Datafiles and Processing Systems

The present SATPROD design supports two relationships between Datafiles and Processing Systems:

  1. The DATAFILE Table includes a SYSTEM field that gives a single Processing System associated with a Datafile. At this point the SYSTEM field is null for 86% of the Datafiles.
  2. The GROUP_DATAFILE Table provides a junction table between DATAFILE and PROCESSING_SYSTEM that supports a many-to-many relationship between Datafiles, Product Groups, Processing Systems and Roles. In this case, the Processing Systems are null in for 5% of the datafiles. In those cases the table joins Product Groups to Processing Systems.

Datafile Formats

The DATAFILE.FORMAT field allows the specification of a single format for each datafile. This field contains no information in all 858 records.

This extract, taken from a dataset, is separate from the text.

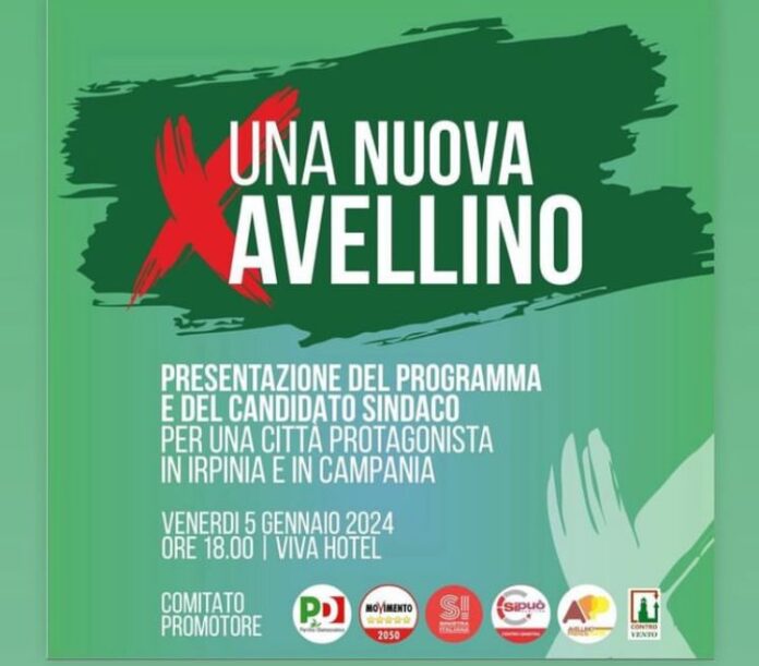 “Una Nuova Avellino”, la coalizione che mette insieme Pd, M5S, Sinistra Italiana, SiPuò, App e Controvento, venerdì 5 gennaio presenta ufficialmente il proprio candidato a sindaco di Avellino, Benny De Maio, ed il programma per “una città protagonista”.

The SATPROD.DATAFILE_FORMAT Table provides a many-to-many relationship between DATAFILE and FORMAT. This Table is populated and appears to be the up-to-date source of information on datafile formats.

Datafile Instruments

The DATAFILE.INSTRUMENT_ID field allows the specification of a single instrument for each datafile. This field contains values between 1 and 15 and is NULL for 795/858 records. The SATPROD.INSTRUMENT Table includes 86 instruments. The SATPROD.GROUP_INSTRUMENT and SATPROD.GROUP_DATAFILE Tables provide a many-to-many relationship between DATAFILE/PRODUCT_GROUP and INSTRUMENT. The SATPROD.GROUP_INSTRUMENT.INSTRUMENT_ID again has values only between 1 and 15. The SATPROD.INSTR_PRODUCT Table provides a many-to-may relationship between DATAFILE and INSTRUMENT. It also includes short and long names for instruments. This appears to be the operative Table.

Datafile Comment

This field appears to contain mostly instrument names, not comments. What is the purpose of this field? This field was initially used to distinguish datafiles with similar names that were created from different instruments.

Datafile Type

This field has a few entries of intermed product, product, and qc. It is NULL for 633 / 858 rows. I suspect that it has been replaced by the DATAFILE_GROUP.ROLE field.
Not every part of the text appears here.